MEN'S BASKETBALL | After Home Opener, Questions Linger About Post Play
Published: Tuesday, November 13, 2012
Updated: Tuesday, November 13, 2012 02:11
Less than 48 hours after leaving the Slip ’n Slide that passed for a basketball court aboard the USS Bataan, the Georgetown men’s basketball team found itself locked in a pitched battle that it didn’t seem to expect 647 miles north at Verizon Center Sunday night.
From all appearances, the journey to play aboard a naval vessel did nothing to help the Blue and Gray gain their sea legs. At points against Duquesne, it seemed as if the Hoyas’ hands were as slippery as Friday night’s floor.
We don’t know what the box score would have looked like had Georgetown taken on Florida for a full 40 minutes. But with the benefit of a complete game Sunday, several trends have become apparent early in the season.
For starters, freshman guard D’Vauntes Smith-Rivera has made a statement faster than hardly anyone anticipated. Yes, the Oak Hill Academy product was highly touted and made quite the splash in Kenner League play this summer. But the rookie’s statistics Sunday were eye-popping, as Head Coach John Thompson III explained in his typical low-key manner.
“He was open, and he can shoot, and he can score and he’s a very good passer — it just so happened tonight that he was the recipient. We needed that. We were struggling a little bit, and he made shots,” Thompson III said.
Did he ever. The freshman went 6-for-7 from the floor, including 4-for-4 from beyond the arc. He also knocked down three of his four free throws, leading to a tally of 19 points.
One reason the freshmen guard stood out was the relative absence of junior Markel Starks in both the Jacksonville no-contest and in the early going against the Dukes.
Although he ignited as the game went on, Starks nevertheless finished a poor 3-for-11 overall. Georgetown’s starting point guard, who seemed early on to be more of a hardwood headache than a floor general, turned the ball over twice and only notched one assist. The only exception was a fast break in which Starks wisely dished the ball to Smith-Rivera for an easy lay-in. There again, however, the freshman got the credit.
Although he turned the ball over twice, that was not as bad as the total of sophomore center Mikael Hopkins, who recorded four turnovers playing in the post. That illuminated another trend, this one particularly disturbing: Georgetown’s question marks around the hoop.

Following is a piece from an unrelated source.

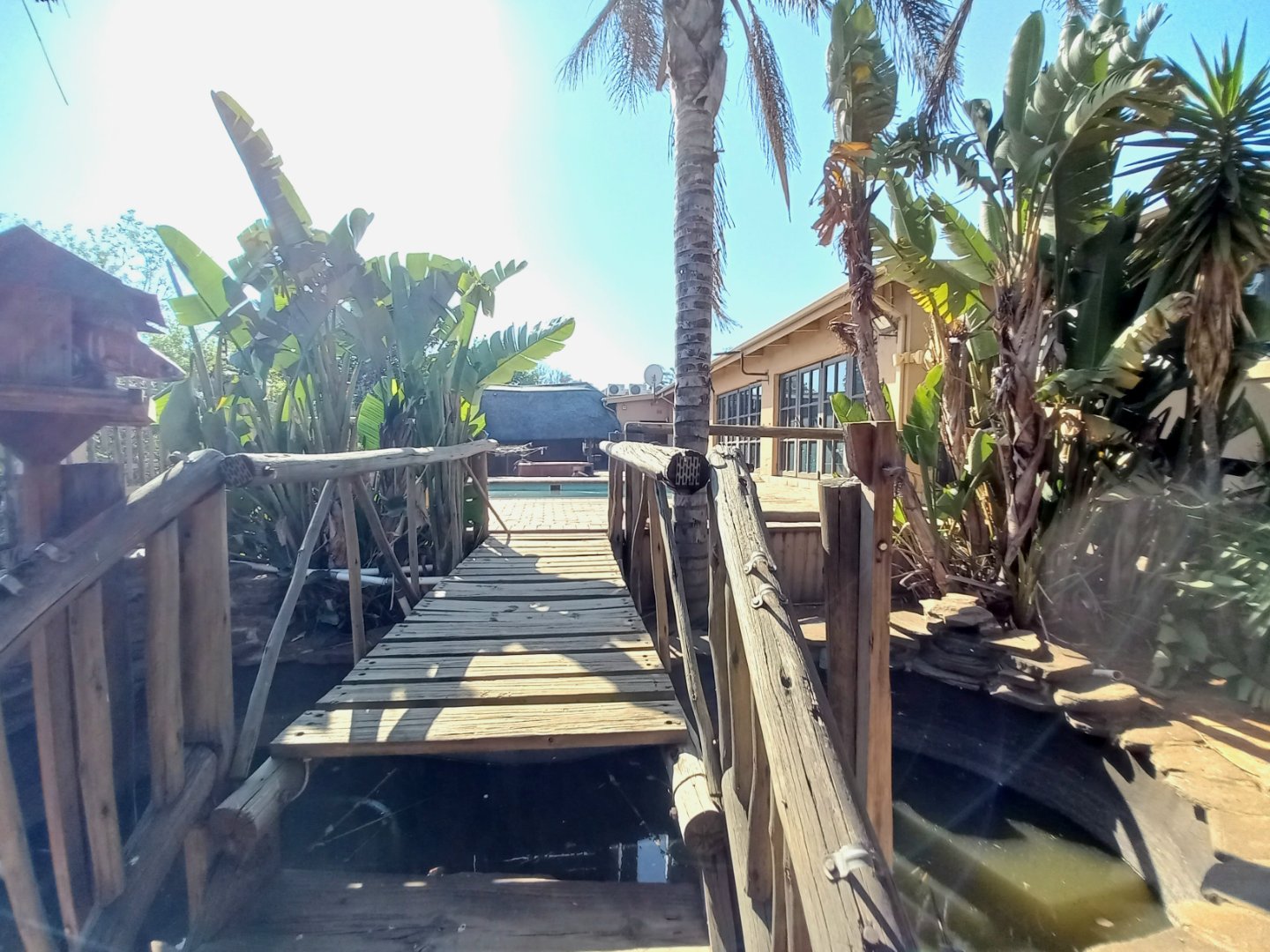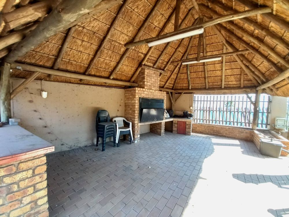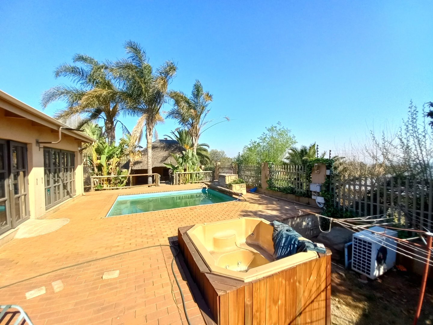 Outdoor thatched lapa with built-in braai, counter space, koi pond, swimming pool, and jacuzzi

Sophomore forward Otto Porter Jr. left the game early after a hit to the head, and it is a credit to his teammates — particularly sophomore Greg Whittington and junior Nate Lubick — that his absence didn’t sink the team.

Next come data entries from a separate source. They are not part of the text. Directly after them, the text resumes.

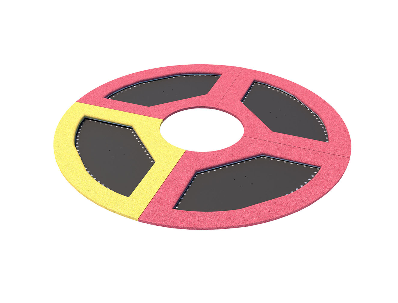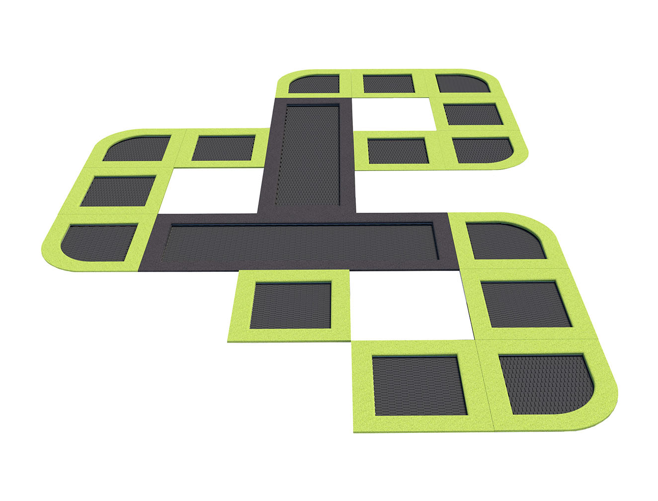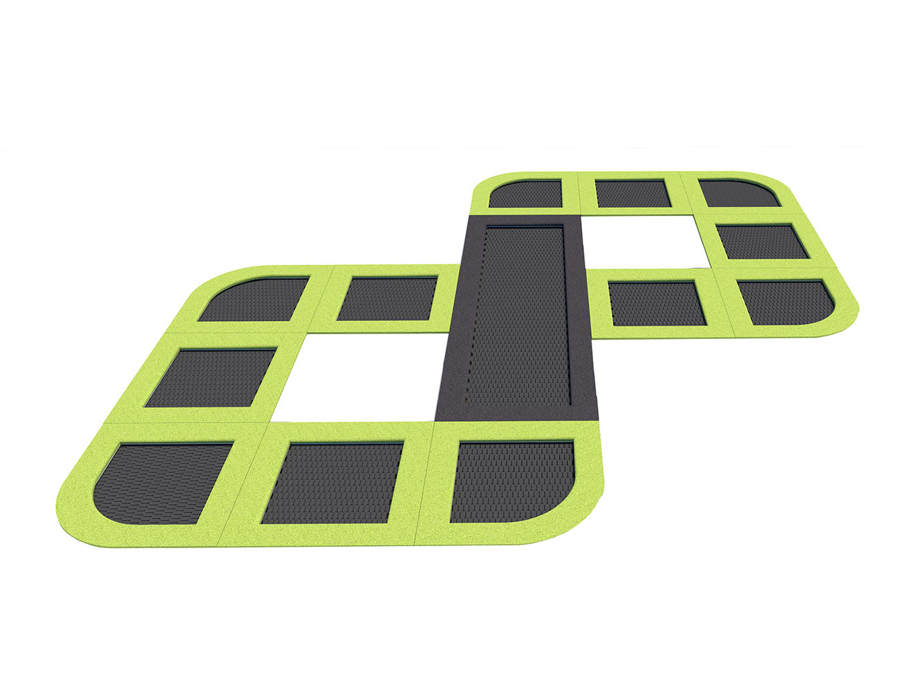By illuminating the trampolines, it is possible to obtain an additional effect increasing the visual attractiveness of the investment and the fun itself. Lighting improves the safety of users after dark. Colorful or white LED light illuminates the legs, mat and surfaces under the trampoline. The lights can be permanently on or they can light up by jumping on a trampoline.
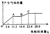 选择题 将某稀硫酸和稀硝酸的混合溶液200mL平均分成两等份。向其中一份中,逐渐加入铜粉,最多 91eXaM.org能溶解19.2 g;向另一份中逐渐加入铁粉,产生气体的量随铁粉质量增加的变化如图所示(已知硝酸均只被还原为NO气体)。下列分析或结果不正确的是
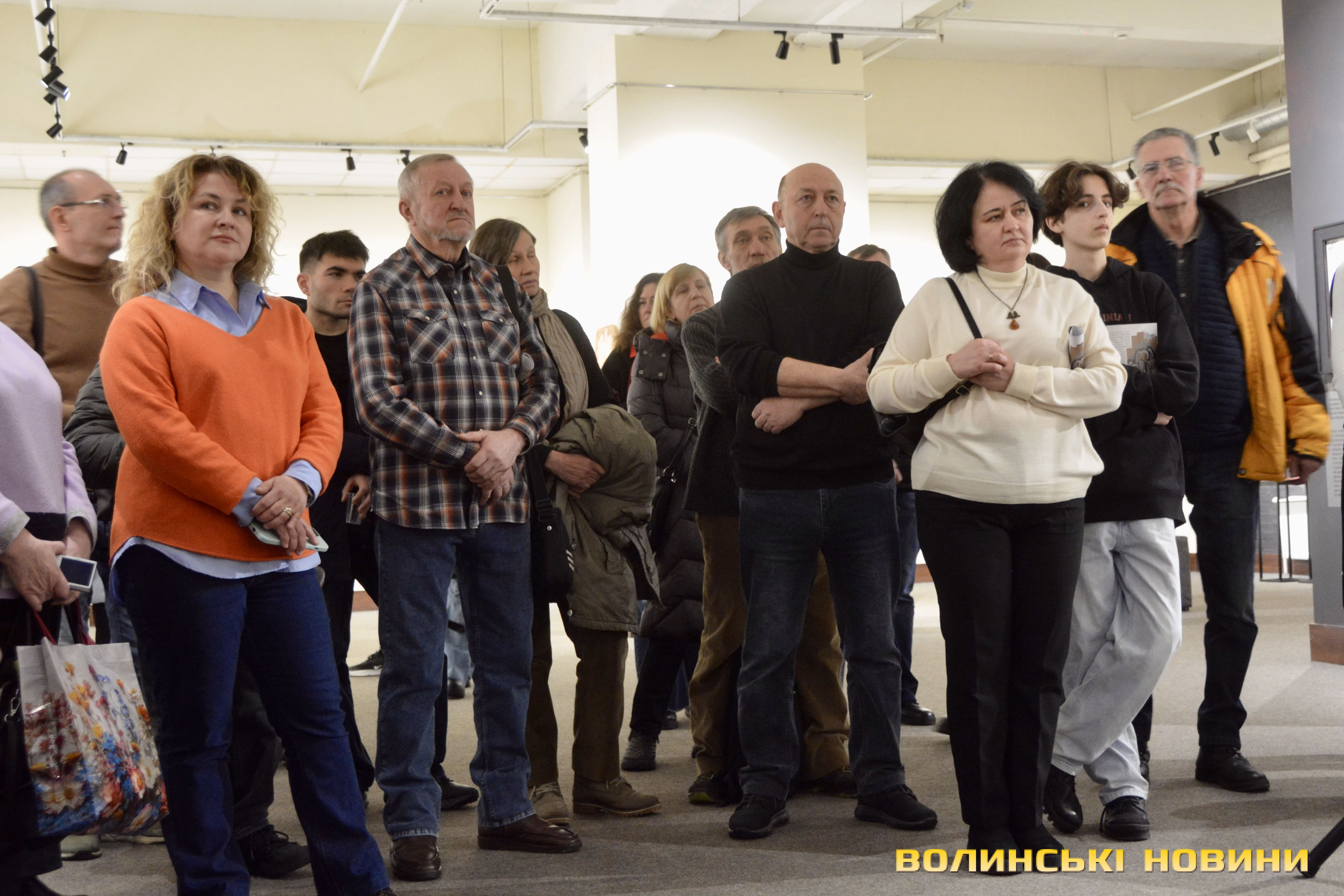 Як він інформував, на виставці в Луцьку представлені твори трьох митців, які зараз захищають нас на фронті. Це Святослав Владика, Олександр Бриндіков і Роман Барабах.

Whittington was particularly aggressive on the glass — the sophomore notched 15 boards in his 40 minutes, 12 of which came on the defensive end. That limited shot opportunities for the Dukes, although they still finished with eight more field goal attempts than the Hoyas.

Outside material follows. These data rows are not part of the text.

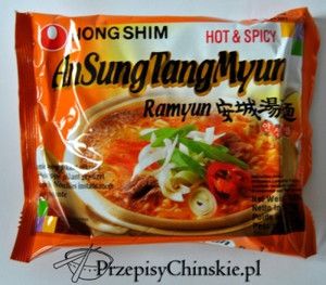 AnSung TangMyun | Koreańska Pikantna Zupa Instant "AnSungTangMyun Noodle Soup | Hot & Spicy Ramyun" 125g NONGSHIM AnSung TangMyun od Nongshim to popularna propozycja koreańskiej marki Nongshim, pikantna zupa typu instant o smaku ostrej wołowiny. Pikantna zupa to propozycja dla prawdziwych wyjadaczy koreańskiej kuchni (dla niewtajemniczonych "hot" w koreańskich produktach nijak się ma do naszego rozumienia ostrości). Pikantna zupa na bazie sprężystego makaronu, w aromatycznym wołowym bulionie, z dodatkiem warzyw i przypraw: cebuli, czosnku, papryki i kolendry. To właśnie dobór jakościowych składników, odpowiada za doskonały smak produktów od Nongshim. W Korei, błyskawiczne potrawy tego typu jak Ansong Tangmyun, są najczęściej uzupełnianie o świeże dodatki, takie jak warzywa, mięso, owoce morza, grzyby i nawet krakersy ryżowe. Ta zupa jest podstawą dla wielu dalekowschodnich dań i często jest nazywana "ramyun". Klasyczny sposób przygotowania zupy ramyun podajemy poniżej. Pamiętajcie jednak, że to "baza", do której według upodobań możecie dodać swoje ulubione składniki: mięso, warzywa, jajka czy pierożki :)! Sposób przygotowania: Zagotować 550 ml wody. Do wrzątku wrzucić makaron oraz zawartość paczuszek z przyprawami. Gotować przez 5 minut na średnim ogniu. Zamieszać i podawać na gorąco. Smacznego! Waga netto: 125g Skład: Makaron: mąka pszenna (USA), skrobia ziemniaczana, olej palmowy, mąka ryżowa, gluten pszenny, sól, regulatory kwasowości: E501, E500, E339; płynny tokoferol (przeciwutleniacz: E306; emulgator: E322 (zawiera soję)), substancja zagęszczająca: E412; przyprawa (maltodekstryna, ekstrakt z czosnku, substancja słodząca: E420), ekstrakt z zielonej herbaty (oligosacharydy, katechiny, regulator kwasowości: E330), barwnik: E101. Przyprawa do zupy: przyprawa (hydrolizowane białko roślinne (soja, pszenica), maltodekstryna, sól, ekstrakt z drożdży, pieprz czarny, grzyby), sól, cukier, przyprawa (czerwona papryka chili, czosnek, olej ryżowy, pieprz czarny), suszone algi, wzmacniacze smaku: E631, E627; suszona czerwona papryka chili, karmel w proszku (maltodekstryna, barwnik: E150c). Wartość odżywcza / 100g: wartość energetyczna 1779kJ/423kcal, tłuszcz 14g (w tym nasycone 7g), węglowodany 66g (w tym cukry 2,9g), białko 8,2g, sól 4,7g. Kraj pochodzenia: Korea Południowa
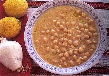Wir legen die Kichererbsen am Vorabend in Wasser und Salz ein, damit sie einweichen. Am naechsten Tag waschen wir sie gruendlich und geben sie in einen Topf, in dem sie mit der Zwiebel geduenstet werden. Nach wenigen Minuten geben wir Wasser, Salz und Pfeffer hinzu und lassen sie weiterkochen. Dann pressen wir die Zitronen aus und vermischen den Saft mit dem Mehl. Wir fuegen die Zitronenmehlseauce, ca. 10 Minuten bevor wir den Topf vom Herd nehmen, dazu.
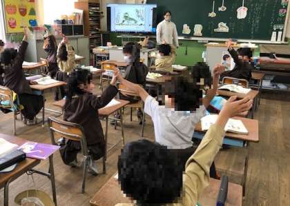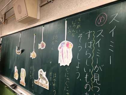 1年生が、国語科で、物語文「スイミー」の学習をしていました。この時間は、スイミーが見つけたものを考えていましたが、黒板にその絵を提示することで、より子どもたちの考えを深めることができます。
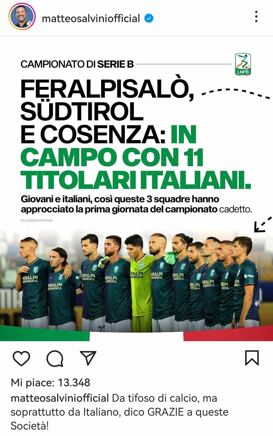 Lo scrive il vicepresidente del Consiglio, Matteo Salvini, su Instagram, commentando una foto che elenca 3 squadre di calcio di serie B (Feralpisalò, Sudtirol e Cosenza) che hanno messo in campo 11 giocatori italiani nella prima giornata del campionato.
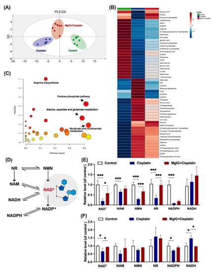 MgIG markedly ameliorates cisplatin-induced energy metabolism disorder and recovers NAD+ biosynthesis. (A) Partial Least Squares Discrimination Analysis (PLS-DA) plot depicting the differences in kidneys from three assigned groups, n = 7. There is a clear distinction between the groups. (B,C) Heat maps and KEGG pathway analysis of differential compounds in kidneys from the three assigned groups. Combination with MgIG improved cisplatin-induced energy metabolism disorder. Red circles represent high p value, yellow circles represent low p value, the sizes of the circles are proportional to the pathway impact, n = 7. (D) The main biosynthesis pathways of NAD+. (E) The levels of NAD+, NADH, NAM, NMN, NR, and NADPH in the kidneys, n = 5. (F) The levels of NAD+, NADH, NAM, NMN, NR, and NADPH of HK-2 cells in the assigned groups, n = 3. Combination with MgIG increased the reduction of NAD+ and related substances stimulated by cisplatin. The data are presented as the mean ± SD. * p < 0.05, *** p < 0.001.

Lubick has shown a new dimension in both games, but it would be much more helpful for the Hoyas if he could finish the attempts he has been making. His 3-for-8 tally looks worse when you consider that four misses came around the rim.
What was perhaps most surprising was the small number of players in Georgetown’s rotation. Of the 14-member roster, only six saw more than six minutes of playing time.
One surprise entrant to the court was junior center Moses Ayegba. After sitting out last season with a torn ACL, he was painfully slow — and it seems that he has a ways to go before he can make a significant contribution to the Hoyas.
While the game was too close for comfort, the pitifully small crowd of 8,213 — including one half-empty student section — was never in much doubt that Georgetown would notch the victory.
It took clutch free throws to seal the deal, however, which raises the Hoyas’ final, eminently correctable problem: missed free throws, of which there were nine.
For a basketball team at a Catholic school, blown chances at the charity stripe might be the eighth deadly sin. But even worse, perhaps, is how few people attended Sunday night’s game.
Part of being a fan is watching a squad develop, and the Blue and Gray will certainly be doing a lot of that as they sort out sloppy guard play and roles in the post.
Fans cannot control whether that improvement will come against Liberty tomorrow or if Porter Jr. will make it onto the floor after his apparent injury Sunday night. What they control is ensuring that there are more than 8,123 people in the Phone Booth to watch.